Кроме таких писем есть и другое свидетельство, быть может, не менее красноречивое, хотя и безмолвное, бессловесное.
Две пары тюремных фотографий — как положено: анфас и в профиль.
1934 . Гордый взгляд, руки сложены на груди — жест высокомерный по отношению к тюремщикам, к веку-волкодаву.

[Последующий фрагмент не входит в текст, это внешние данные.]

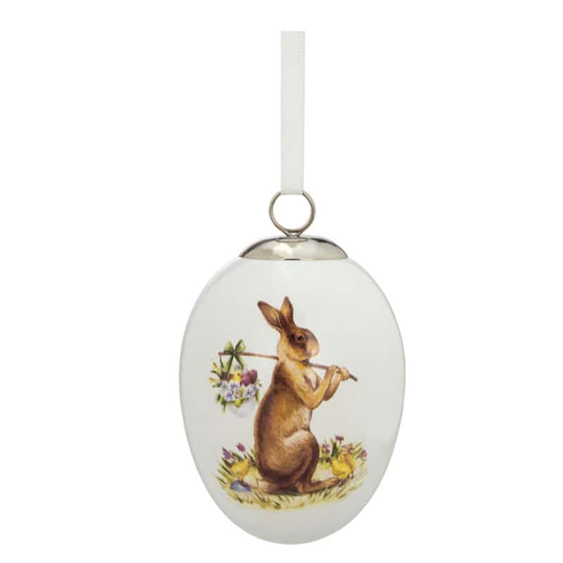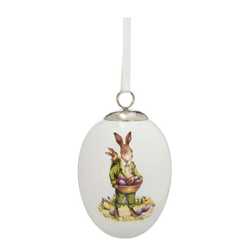 Σετ 3 τμχ. αυγά από πορσελάνη, με λαγουδάκια. Διαθέτουν κορδέλα για να κρεμαστούν σε κλαδί, δημιουργώντας μια χαρούμενη πασχαλινή διακόσμηση!

1938 . Потухло всё, руки по швам. Верхних зубов, похоже, нет. Доломали. Как не впасть в отчаянье при виде всего, что совершается дома (Тургенев).
Первый арест, 1934-й.
Когда именем великого кесаря-императора римские воины распинали нищего бродягу, ни сами воины, ни их геройский комдив-прокуратор, ни сам растленный, насквозь гнилой Верховный Главнокомандующий и вообразить не могли, что каждое слово бродяги станет вечным, а от них не останется ни звука, лишь паучья глухота.
Теперь опять её черёд.
* * *
Прославим, братья, сумерки свободы.
Великий сумеречный год!..
Прославим власти сумрачное бремя,
Её невыносимый гнёт.
B ком сердце есть — тот должен слышать, время,
Как твой корабль ко дну идёт...
Ну что ж, попробуем: огромный, неуклюжий,
Скрипучий поворот руля.
Земля плывёт. Мужайтесь, мужи,
Как плугом, океан деля.
Мы будем помнить и в летейской стуже,
Что десяти небес нам стоила земля.
1918
Мудрые комментаторы толкуют это стихотворение как «Мандельштам принял революцию». Видят первое слово «прославим», а в конце дата «1918» — вот, мол, пылкое одобрение.
Но это « прославим» — не хвала. Это горькое и гордое прощание с жизнью. Образец такого прощания у Мандельштама был.
У русских поэтов Пушкин в крови; в мозгу само звучит знаменитое «Восславим царствие Чумы!» — но разве это радость? Всюду на улицах трупы; и пир во время чумы — просто чтобы не хныкать, не бежать (ибо некуда).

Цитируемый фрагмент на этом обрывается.